# TASK TO CARRY OUT
Without the pictures, copy all of the data exactly.

# PROVIDED MATERIAL
____________________
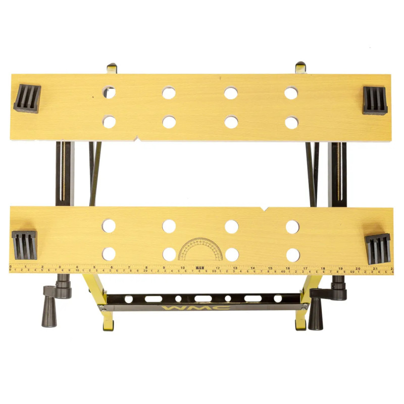 Верстак имеет две подвижные столешницы, которые двигаются по направляющим металлическим опорам.
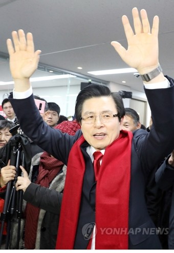 황교안 전 국무총리가 29일 오전 서울 영등포구 자유한국당 중앙당사에서 전당대회 당 대표 출마를 선언 후 지지자들에게 인사하고 있다.
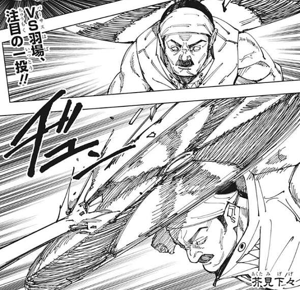 プロペラを使う羽場と虎杖との対決が決着します。羽場は屋内で迎え撃つ虎杖に対して、プロペラを横にして回転させながら進む、虎杖をプロペラで切り刻もうとします。しかし、プロペラを横にして頭頂部を虎杖の方に向けさせるのは、虎杖の読み通りで、羽場の頭頂部に拳を叩き込み、プロペラが止まった羽場を蹴り倒して戦闘不能にします。
____________________
# EXERCISE ANSWER
 Верстак имеет две подвижные столешницы, которые двигаются по направляющим металлическим опорам.
 황교안 전 국무총리가 29일 오전 서울 영등포구 자유한국당 중앙당사에서 전당대회 당 대표 출마를 선언 후 지지자들에게 인사하고 있다.
 プロペラを使う羽場と虎杖との対決が決着します。羽場は屋内で迎え撃つ虎杖に対して、プロペラを横にして回転させながら進む、虎杖をプロペラで切り刻もうとします。しかし、プロペラを横にして頭頂部を虎杖の方に向けさせるのは、虎杖の読み通りで、羽場の頭頂部に拳を叩き込み、プロペラが止まった羽場を蹴り倒して戦闘不能にします。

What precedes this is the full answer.